We've moved to a different local, and besides some really ripe BMs in the first few days (of which a cat friend of mine assured me was normal for a stressed cat) my cat has continued to have great poops since switching the kibble! I'm really glad I found something that works, I just wish it didn't cost so much... Oh well, my next step is to scour the internet sites for the cheapest Wellness I can find.


----------



## spirite (Jul 31, 2012)

I'm so glad that you found the food that worked, and without having to test a zillion other things first! So no more issues with pooping outside of the box either? Yay! 
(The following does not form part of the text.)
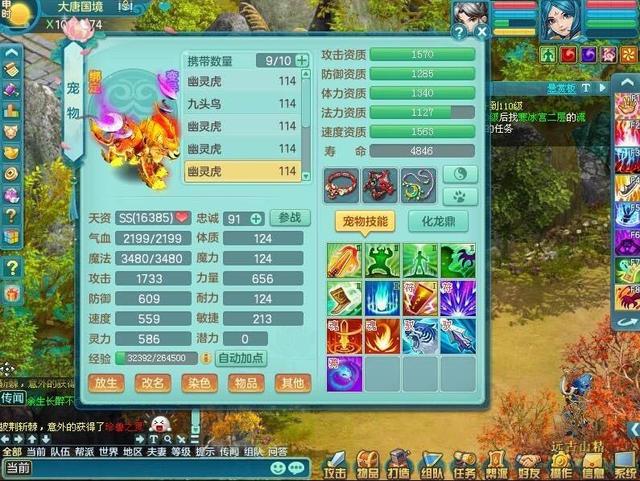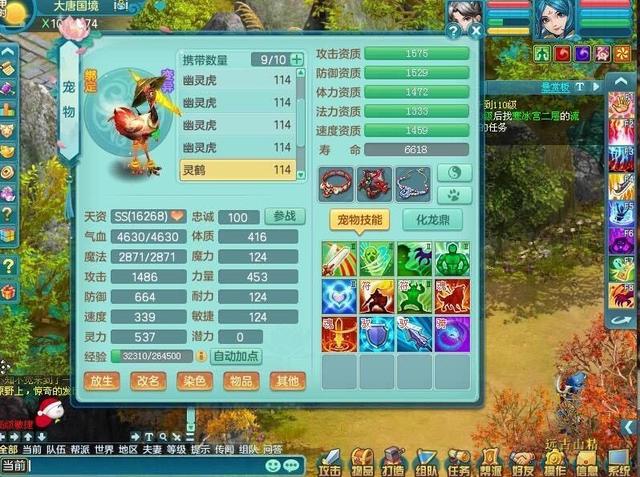 宠物方面,这只变异灵鹤可以说是很有个性,不是卡了很久109的玩家估计也懒得去洗这样的宠物出来吧。血攻加点,配高驱鬼克制,护符是高强力和小夜战,算是晚上作战的血攻克制,感觉可能是血加多了,1486的攻击好像不太够。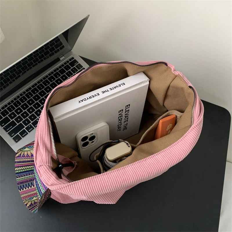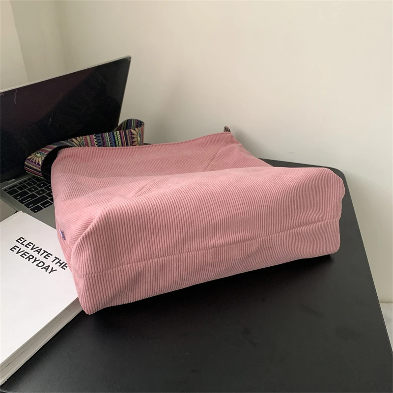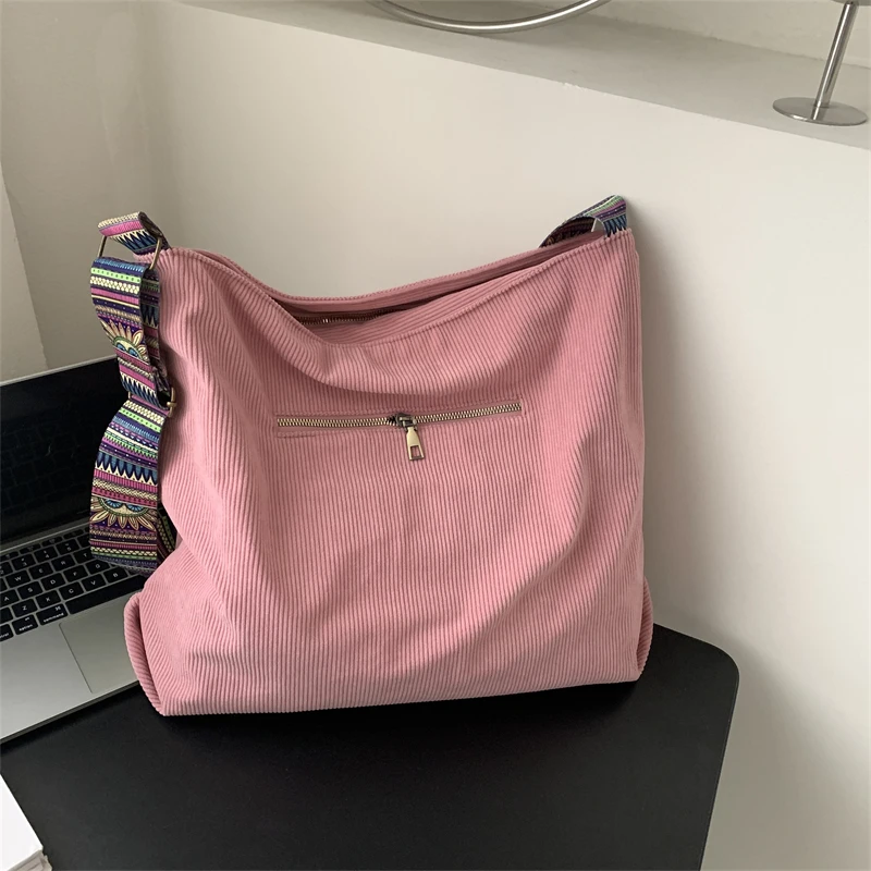 Women Luxury Corduroy Shoulder Bag Large Handbag Big Casual Tote Canvas Lining Solid Cloth Purse Zipper Crossbody Messenger Bags

I like chewy.com - they usually have lower prices than other places.


----------



## larsan (May 3, 2014)

Frizzle said:


> Update:
> 
> We've moved to a different local, and besides some really ripe BMs in the first few days (of which a cat friend of mine assured me was normal for a stressed cat) my cat has continued to have great poops since switching the kibble! I'm really glad I found something that works, I just wish it didn't cost so much... Oh well, my next step is to scour the internet sites for the cheapest Wellness I can find.


I see you're in Wisconsin. Are you anywhere in the northern part so you would be able to hit the Drs Foster & Smith store? They have some good prices - at least they did before we moved away. Just a thought.


----------



## Frizzle (Oct 4, 2013)

Thank you both for the tip, I'll be sure to check them out! I'm actually Central Wisconsin, but maybe that business ships.


----------



## roskandy (May 30, 2014)

Yay! I'm glad the food switch has helped with the dietary issues!

Our kitty (who passed away) used to hate the feeling of litter--all litter--and so would crouch on the edge of the litter box and sometimes miss. We got her a covered box and the problems stopped. If your kitty is "missing" by only a little bit, it might be worth trying out a covered box to see if she's also doing a perch and poop or perch and pee or something!


----------



## Frizzle (Oct 4, 2013)

lol, silly kitty! When she used to miss, it wasn't crouching, she'd just back up into the corner & her runny poop would over shoot.

Update on this: I made the mistake of having my guy pick up their cat food, so we are now giving "Salmon & Turkey meal, with rice" a shot. I was planning on playing with their food a little down the line, like when we weren't co-habitating with other people, but I guess we're doing this now.  Still wellness so at least he got the brand right, lol.


----------



## larsan (May 3, 2014)

Frizzle said:


> Thank you both for the tip, I'll be sure to check them out! I'm actually Central Wisconsin, but maybe that business ships.


They do, in fact their main business is mail order. Good luck.


----------